Controversy over the debt has spawned a host of lawsuits and legal actions as county officials, regulators and people involved in the transactions seek to assign responsibility and negotiate its consequences.

Following is a list of some of the most significant lawsuits over the county's debt and a brief explanation of why each case matters:

LARRY LANGFORD - The former mayor of Birmingham was sentenced to a 15-year prison term March 5 after conviction in federal court in October on 60 counts of fraud, corruption and bribery. Charges related to his tenure as president of Jefferson County Commission from 2002-2007 when the county ran up the sewer debt.

Langford's conviction along with that of lobbyist Al LaPierre and investment banker William Blount, both of whom pleaded guilty, establishes that corruption played a part in the initial debt. It also shed light on transactions between the three men and representatives of major creditor banks.

Blount and LaPierre were sentenced to four-year prison terms.

SEC SUIT - The U.S. Securities and Exchange Commission settled with J.P.Morgan Securities Inc in December for more than $720 million over unlawful payments in the bond financing.

The bank said it would forfeit $647 million claimed from the county in unpaid swap termination fees as well as pay a $25 million penalty and $50 million to the county.

The SEC also charged two former managing directors of JP Morgan Securities, Charles LeCroy and Douglas MacFaddin, with more than $8 million in undisclosed payments to close friends of certain Jefferson County commissioners.

OCCUPATIONAL TAX SUIT - The Jefferson County tax was found to be unconstitutional, following a class action lawsuit file by a county resident, and county court Judge David Rains ordered Jefferson to repay taxpayers $48 million.

The county has appealed to the state Supreme Court to challenge the figure.

JEFFERSON COUNTY SUIT - The county in December sued JPMorgan Securities and JPMorgan Chase for punitive damages and compensation over the accumulation of its debt.

It also sued Langford, LaPierre and Blount as well as LeCroy and MacFaddin and as many as 50 unnamed parties.

The suit claims the parties conspired to profit with interest rate swaps to the detriment of the county.

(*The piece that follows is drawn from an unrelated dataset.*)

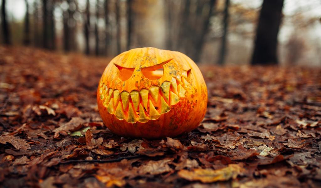 Wallpaper Evil pumpkin in the forest on foliage for Halloween

JEFFERSON COUNTY RECEIVER - A federal judge in Alabama told Bank of New York Mellon last June to refile in state court a suit aimed at forcing the appointment of a receiver to manage the revenue from Jefferson County's sewer system.

The county filed a motion in state court in December seeking to get the bank's new lawsuit dismissed, but Judge Albert Johnson on December 31 denied the motion, allowing the suit to continue.

Creditors want a receiver who could raise rates and would determine the extent to which revenue is used to repay debt. The county is resisting that legal structure.